Equations (13) and (14) outline prerequisites for disassembling a component. These prerequisites demand that there be no interference from higher-priority components and a limit on the number of components in contact with the target component. These conditions play a significant role in ensuring a smooth disassembly process. Finally, Equation (15) introduces binary variables into the model, providing further definition to decision-making processes and constraint conditions.

4. Proposed Solution Method

Nowadays, there are numerous methods available for solving optimization problems, including exact solution techniques [23], data-driven approaches [32], heuristic algorithms [28], metaheuristic algorithms [28], and linear programming techniques based on metaheuristic algorithms [33]. As mentioned earlier, given the NP-hard, fuzzy nature and discrete nature of the problem under consideration, it is imperative to customize a metaheuristic algorithm to obtain viable solutions. Among the array of metaheuristic algorithms available, the WWO algorithm stands out due to its unique attributes. Firstly, it operates in multi-dimensional spaces, making it versatile and adaptable to a wide spectrum of optimization problems such as home healthcare decision problems [33]. Moreover, this algorithm boasts a notable advantage in terms of faster convergence and higher precision, enabling it to yield near-optimal solutions within relatively short timeframes [34]. Notably, the WWO algorithm demonstrates remarkable robustness, effectively managing uncertainties and noise inherent in the problem.

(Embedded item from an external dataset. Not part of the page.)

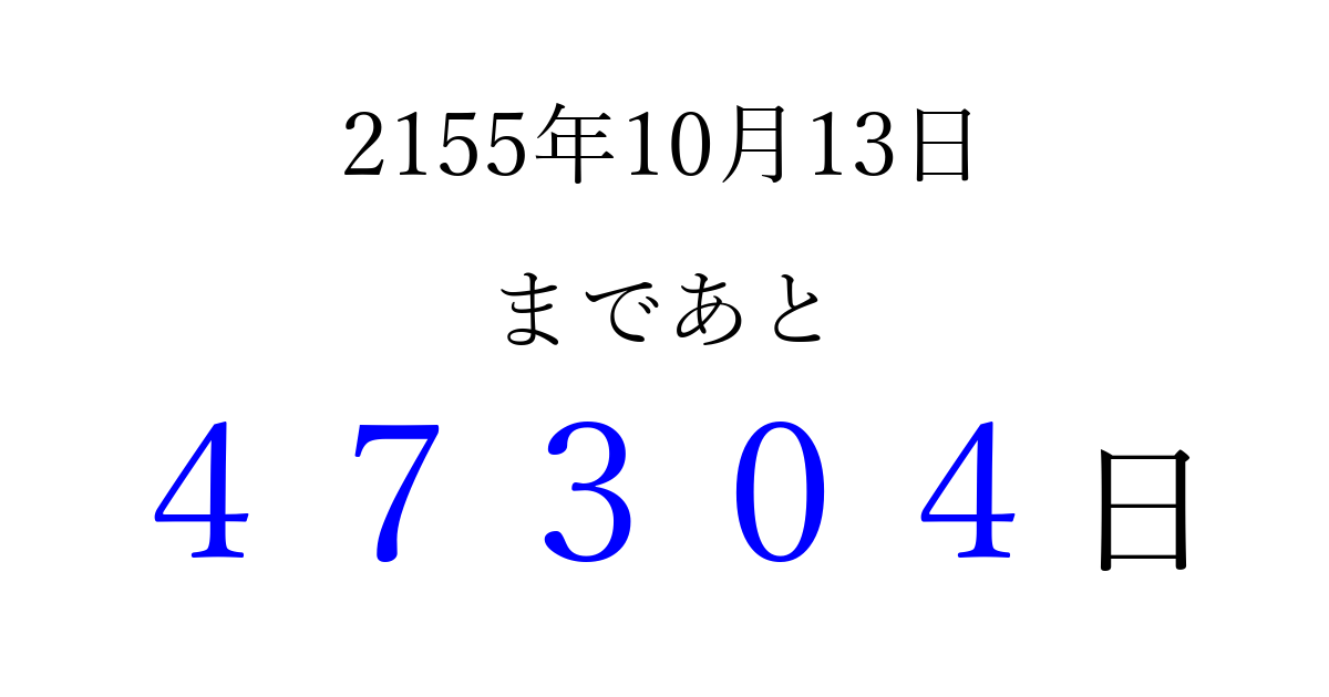 2155年10月13日(月)まで あと 99999 日です 追加すると、トップページからすぐ選べるようになります ※2026/04/08現在の結果です。 最新の状態に更新する ↓シェアして、タイムライン上にカウントダウンを表示しよう!↓ 📤 この結果を共有する Tweet シェア Threads Bluesky 別の日付でカウントダウン 2155年10月のカレンダー このページをブックマークに追加すると、いつでもカウントダウンを確認できます。 (PC: Ctrl+D / Mac: ⌘+D) hitome-notes.comでは以下のページも運営しています。 指定日と期間から日付を計算 | ガチャ確率計算・シミュレーション | プライバシー・ポリシー 運営者:Avocado

Its versatility extends to diverse domains, such as engineering, where it finds utility in tasks like structural design and parameter tuning. In economics, it is a valuable tool for challenges like portfolio optimization and resource allocation [34]. Beyond these applications, the WWO algorithm finds its place in fields like image processing, machine learning, and data mining, underscoring its potential to address DSP problems effectively [34].

Before introducing EWWO, let us first explain some terminology related to EWWO. In traditional WWO, each water wave represents a solution, and multiple water waves form a population to solve a problem. In traditional WWO, there are three forms of searching the solution space: 1. propagation, 2. refraction, and 3. breaking waves. Propagation is when water waves spread outwards, refraction changes the direction of propagation when the wave height approaches zero, and breaking waves occur when the wave height is relatively high, causing the wave to break into foam. By combining these three search methods with specific rules for accepting solutions, the WWO algorithm achieves its superior exploration capabilities [34].

With the WWO algorithm chosen as our primary solution approach, we proceed to tailor it to the unique characteristics of the problem at hand. This customization involves several key components, each contributing to the algorithm’s effectiveness. We begin by elucidating the multi-objective handling approach employed in this study (Section 4.1), followed by an in-depth description of the population initialization method (Section 4.2). Subsequently, we delve into the specialized propagation operator (Section 4.3), refraction operator (Section 4.4), breaking operator (Section 4.5), and the incorporation of a local search strategy (Section 4.6). To provide a comprehensive overview, we conclude by presenting the overall framework of the EWWO algorithm in Section 4.7.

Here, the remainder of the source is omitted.